(The task) Print the lines exactly. Start at the first line of the material below, end with the line that contains "陈英在代表省直机关纪检监察工", and skip all pictures.

(The data)
=== Begin Enclosure ===

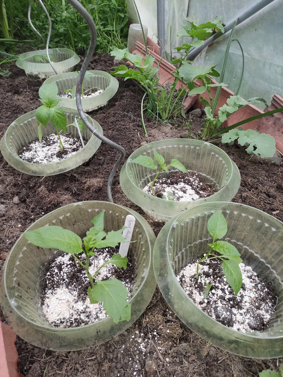 Ich habe die ersten Chilis ins Gewächshaus gepflanzt.
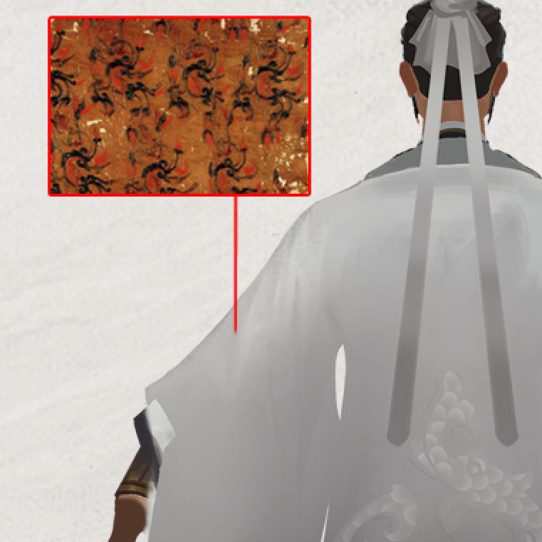 躬耕于南阳的诸葛亮如卧龙在渊,得遇明主后便腾飞九天,助刘备三分天下。正如《三国演义》所言:“卧龙凤雏,得一可安天下”。衣服上的龙纹参考了河南洛阳出土的汉代画像砖上的龙纹图样,简约大气,赋予了诸葛亮儒雅而又志存高远的气质。
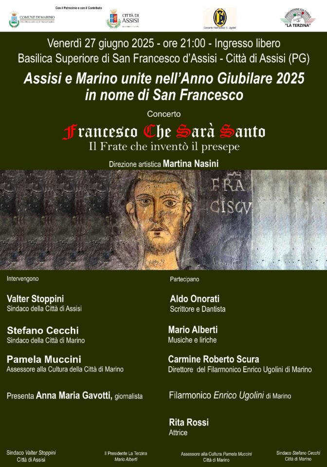 L’evento è promosso dalla Città di Marino, dalla Città di Assisi e coordinato dall’Associazione culturale La Terzina
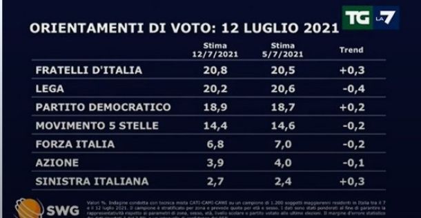 Sondaggi La7 – Swg: FdI rafforza il suo primato (20,8%), davanti a Lega (20,2%) e Pd (18,9%)
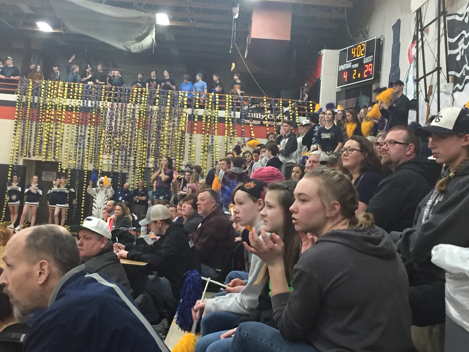 With all that explanatory-ness out of the way, I can move on to the meat of this post, the BOB competition. We arrived at the gym and got a seat before the start of the varsity girls game at 4. The children abandoned us for the visiting student section of the gym, and my eyes lit up with curiosity as I scanned the scene. Throughout the gym there was displays of orange and black (the Spartans colors) and navy and gold (our Tigers colors). Both sides of the gym were packed full of parents and students, clad in sports gear that had to make the local retailers squee with merchant money made joy. The bands from both schools were up in the weight room area and I giggled a bit when I spied each opposing side was decorated in more construction paper chains than I have ever seen in each of the school's colors.
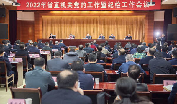 陈英在代表省直机关纪检监察工委作工作报告时指出,2021年,省直机关部门纪检组织坚持以党的政治建设为统领,紧扣机关党建高质量发展主题,以创建模范机关为目标,增强“四个意识”、坚定“四个自信”、做到“两个维护”,忠诚履职、守正创新,坚定稳妥推进全面从严治党、党风廉政建设和反腐败斗争,机关纪检工作高质量发展取得新成效。2022年,省直机关纪检工作要按照十九届中央纪委六次全会、省纪委十一届二次全会部署要求,自觉把握和运用党的百年奋斗历史经验,要聚焦“国之大者”,具体化常态化开展政治监督;要强化纪律约束,从严从实加强年轻干部教育管理监督;要深化纠治“四风”顽瘴痼疾,推进作风建设走深走实;要保持惩治高压态势,坚定不移深化反腐败斗争;要持续锻造过硬队伍,努力做党和人民的忠诚卫士,以实际行动推动纪检工作高质量发展。
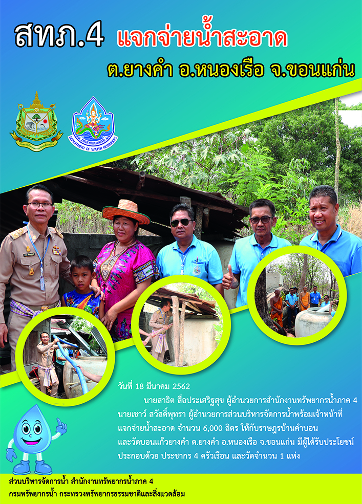 ผู้อำนวยการสำนักงานทรัพยากรน้ำภาค 4 นายเชาว์ สวัสดิ์พุทรา ผู้อำนวยการส่วนบริหารจัดการน้ำพร้อมเจ้าหน้าที่ แจกจ่ายน้ำสะอาด จำนวน 6,000 ลิตร ให้กับราษฎรบ้านคำบอนและวัดบอนแก้วยางคำ ต.ยางคำ อ.หนองเรือ จ.ขอนแก่น มีผู้ได้รับประโยชน์ ประกอบด้วย ประชากร 4 ครัวเรือน และวัดจำนวน 1 แห่ง
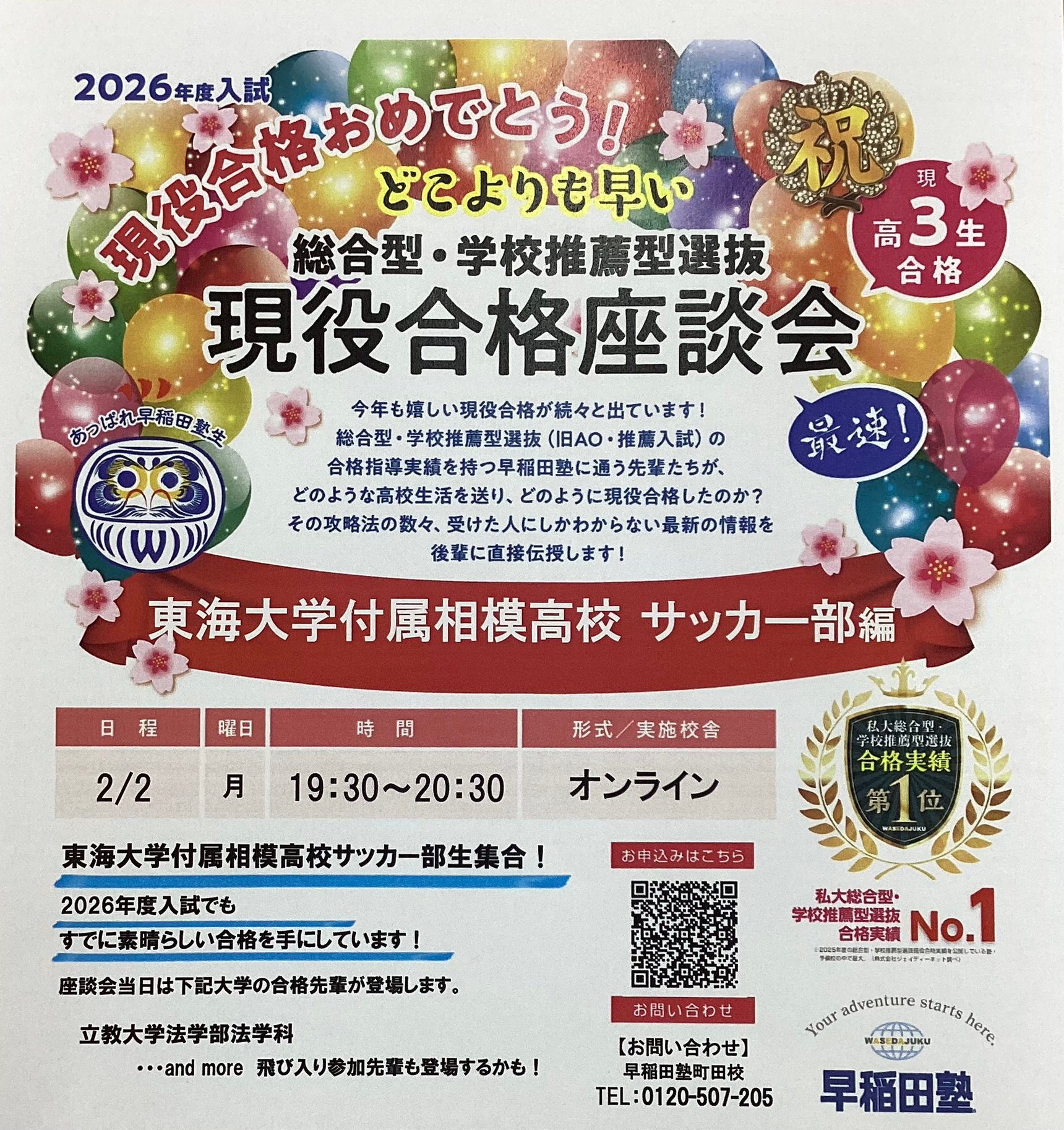 【東海大学附属相模高校サッカー部必見!】どこよりも早い 総合型・学校推薦型選抜 現役合格座談会 開催実施のお知らせ
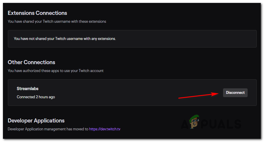 Accessing the Settings menu of Twitch - Once you’re inside the Settings menu, click access the Connections menu, then scroll down to the Other Connections section and click the Disconnect button related to StreamLabs.
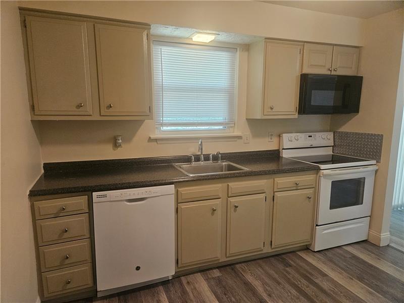 Beautiful well maintained townhouse in Central Valley School District. All new floors recently installed. Enter front door to a spacious living room with plenty of natural light. Living room opens up to the dining room with sliding glass door out to a small patio. The kitchen is fully equipped with electric stove, refrigerator, dishwasher and microwave oven. Second floor offers 2 large bedrooms. Primary bedroom has and en suite bath with 2 closets and the second bedroom has nice sized closet. Basement offers large space for storage or perfect for workout area. Large off street parking lot with 2 parking spaces per unit. NO SMOKING AND NO PETS. There is a $40.00 application fee for credit and background check. Close to I-376, airport, shopping, schools and restaurants.
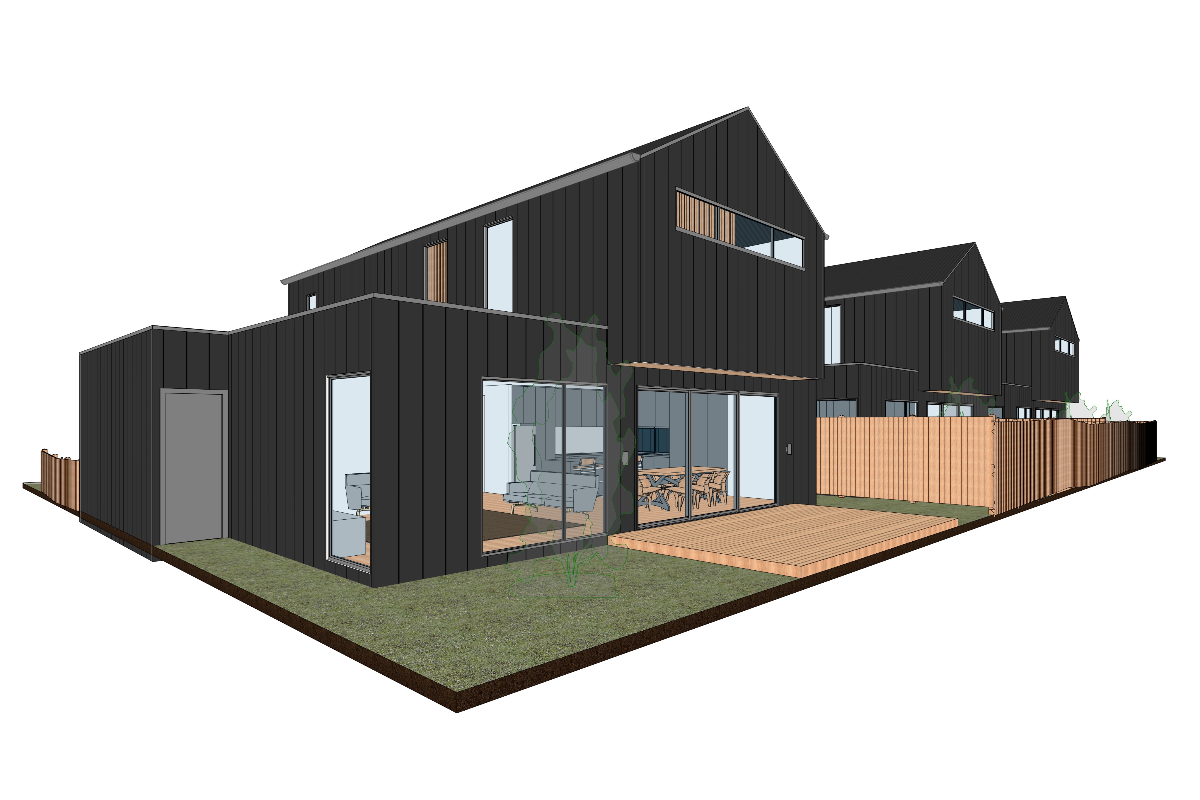 3x townhouse development monument endseam cladding to the upper floor white brickwork on the lower floor with a splash of weathered larch timber large black aluminum window frames native australian landscaping mid morning summer sunlight with overcast sky large gum trees in background
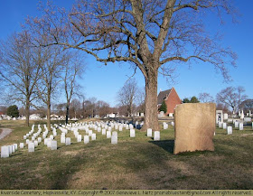 The Scotten Cemetery is described as "marooned in a cornfield on 200 North about 3/4 of a mile west of 600 West. The burial ground is recognizable only by a wooded area on the south side of 200 North, and the stones can only be seen during the winter months when foliage is gone." The last burial there was in 1878.

=== End Enclosure ===

(Written reply)
 Ich habe die ersten Chilis ins Gewächshaus gepflanzt.
 躬耕于南阳的诸葛亮如卧龙在渊,得遇明主后便腾飞九天,助刘备三分天下。正如《三国演义》所言:“卧龙凤雏,得一可安天下”。衣服上的龙纹参考了河南洛阳出土的汉代画像砖上的龙纹图样,简约大气,赋予了诸葛亮儒雅而又志存高远的气质。
 L’evento è promosso dalla Città di Marino, dalla Città di Assisi e coordinato dall’Associazione culturale La Terzina
 Sondaggi La7 – Swg: FdI rafforza il suo primato (20,8%), davanti a Lega (20,2%) e Pd (18,9%)
 With all that explanatory-ness out of the way, I can move on to the meat of this post, the BOB competition. We arrived at the gym and got a seat before the start of the varsity girls game at 4. The children abandoned us for the visiting student section of the gym, and my eyes lit up with curiosity as I scanned the scene. Throughout the gym there was displays of orange and black (the Spartans colors) and navy and gold (our Tigers colors). Both sides of the gym were packed full of parents and students, clad in sports gear that had to make the local retailers squee with merchant money made joy. The bands from both schools were up in the weight room area and I giggled a bit when I spied each opposing side was decorated in more construction paper chains than I have ever seen in each of the school's colors.
 陈英在代表省直机关纪检监察工委作工作报告时指出,2021年,省直机关部门纪检组织坚持以党的政治建设为统领,紧扣机关党建高质量发展主题,以创建模范机关为目标,增强“四个意识”、坚定“四个自信”、做到“两个维护”,忠诚履职、守正创新,坚定稳妥推进全面从严治党、党风廉政建设和反腐败斗争,机关纪检工作高质量发展取得新成效。2022年,省直机关纪检工作要按照十九届中央纪委六次全会、省纪委十一届二次全会部署要求,自觉把握和运用党的百年奋斗历史经验,要聚焦“国之大者”,具体化常态化开展政治监督;要强化纪律约束,从严从实加强年轻干部教育管理监督;要深化纠治“四风”顽瘴痼疾,推进作风建设走深走实;要保持惩治高压态势,坚定不移深化反腐败斗争;要持续锻造过硬队伍,努力做党和人民的忠诚卫士,以实际行动推动纪检工作高质量发展。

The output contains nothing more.